• WHAT THE TASK REQUIRES:
Set the whole listing down again, word for word, with no pictures.
[DATA PROVIDED Boundary: Start]
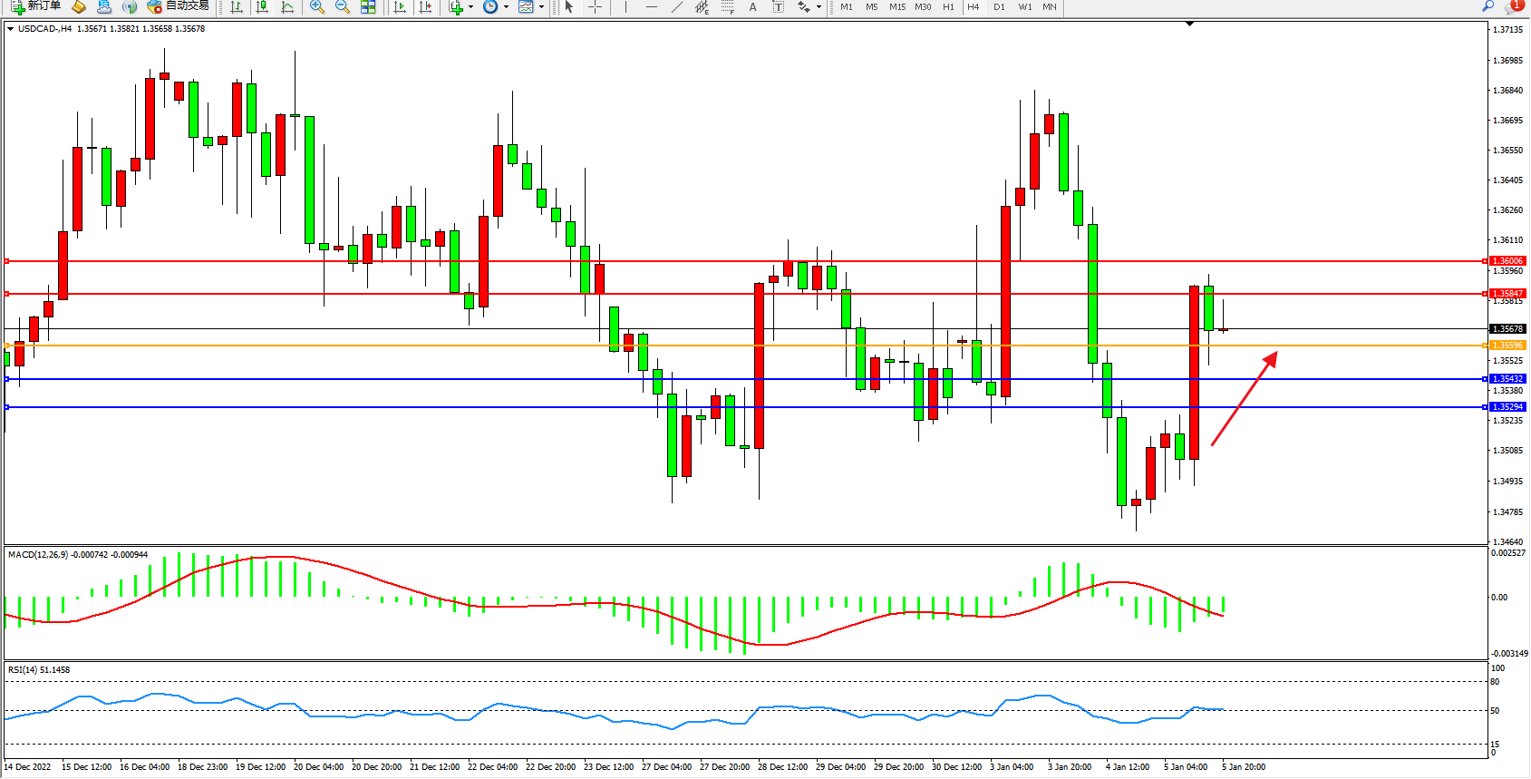 美元加元USDCAD——4小时K线图显示:
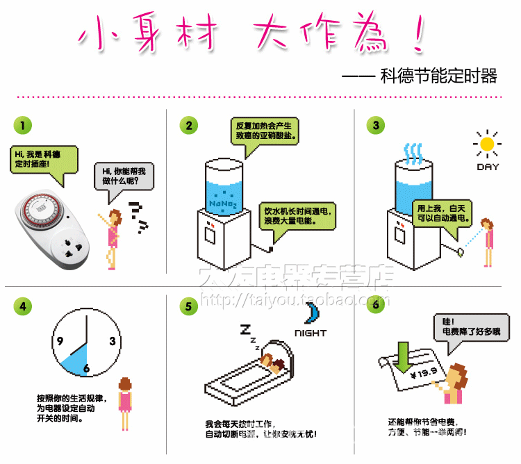 出门逛街,8:30回家,精疲力尽,真不想开锅做饭,可是,饭还得吃......矛盾怎么解决?微电脑定时开关解决方案:出门前淘好米,洗好菜,定好18:00时开始通电煮饭,回到家便有饭吃。
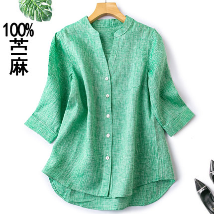 纯亚麻衬衫立领五分袖衬衣 宽松 V领防晒衫小码棉麻女装色织衬衣
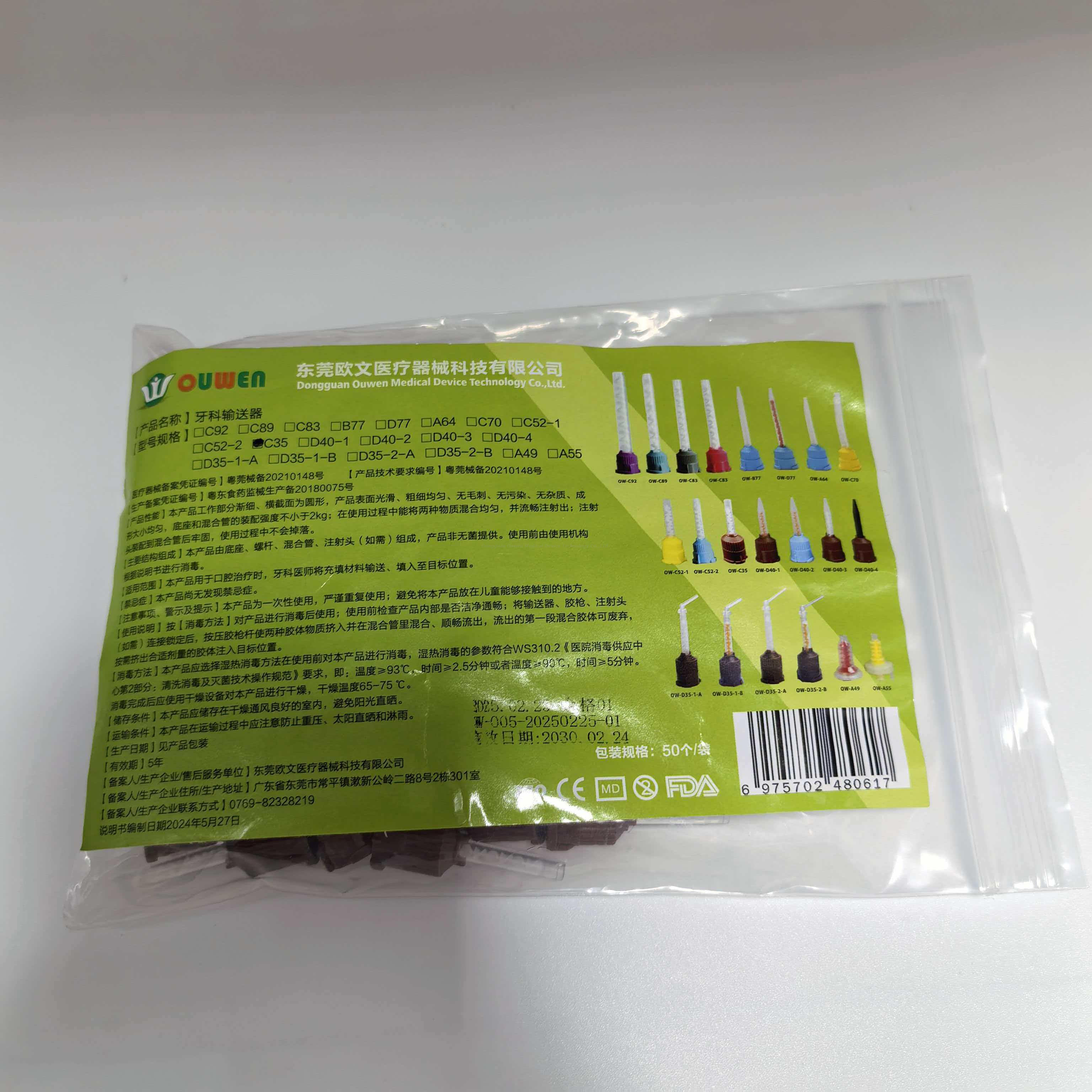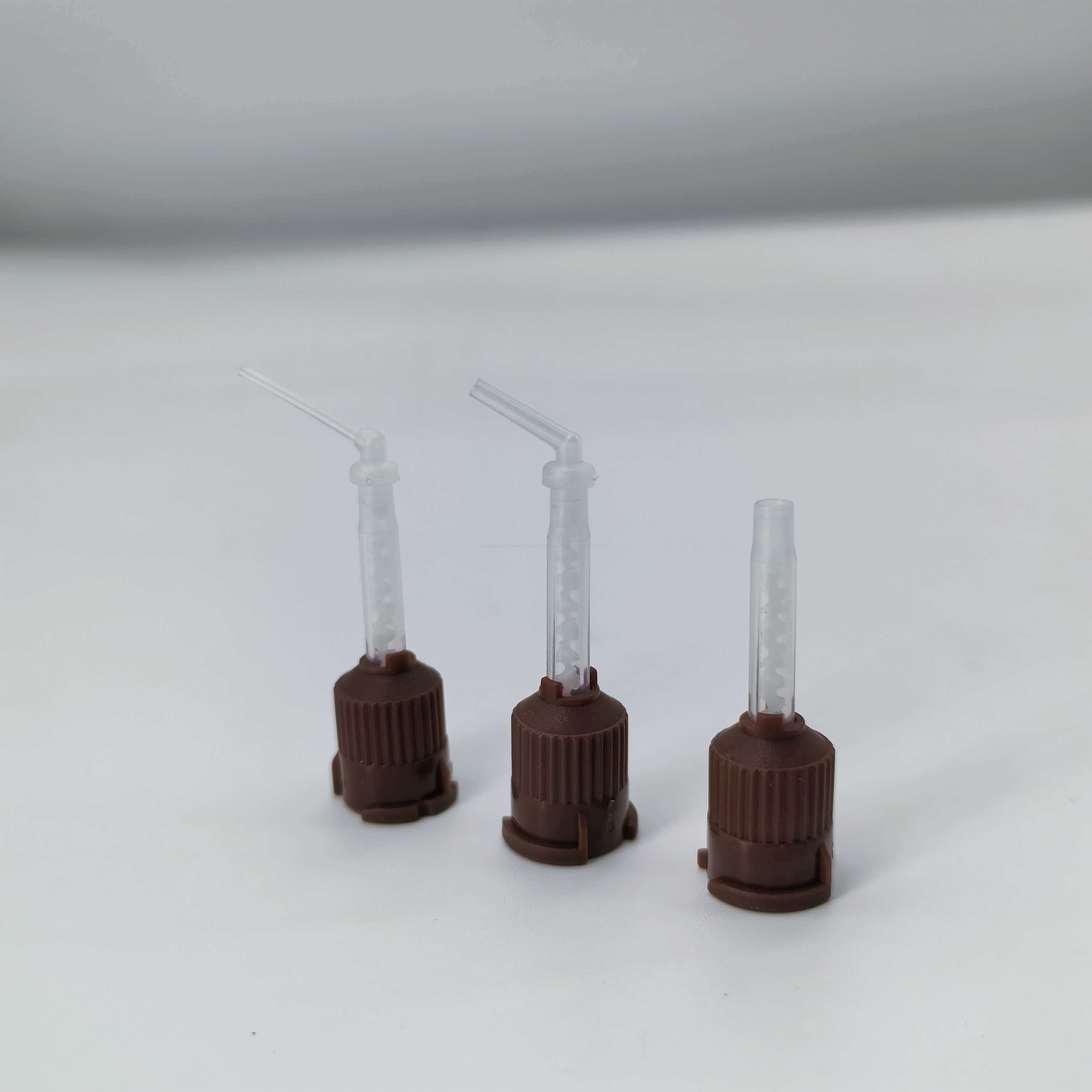 El tubo está fabricado con materiales estériles de grado médico, presenta resistencia a la corrosión y estanqueidad, y es compatible con diversos agentes dentales, como resinas y adhesivos. El diseño liviano y fácil de sostener reduce la dificultad operativa y la aplicación de un solo uso elimina los riesgos de infección cruzada.
[DATA PROVIDED Boundary: End]
• RESPONSE BOX:
 美元加元USDCAD——4小时K线图显示:
 出门逛街,8:30回家,精疲力尽,真不想开锅做饭,可是,饭还得吃......矛盾怎么解决?微电脑定时开关解决方案:出门前淘好米,洗好菜,定好18:00时开始通电煮饭,回到家便有饭吃。
 纯亚麻衬衫立领五分袖衬衣 宽松 V领防晒衫小码棉麻女装色织衬衣
 El tubo está fabricado con materiales estériles de grado médico, presenta resistencia a la corrosión y estanqueidad, y es compatible con diversos agentes dentales, como resinas y adhesivos. El diseño liviano y fácil de sostener reduce la dificultad operativa y la aplicación de un solo uso elimina los riesgos de infección cruzada.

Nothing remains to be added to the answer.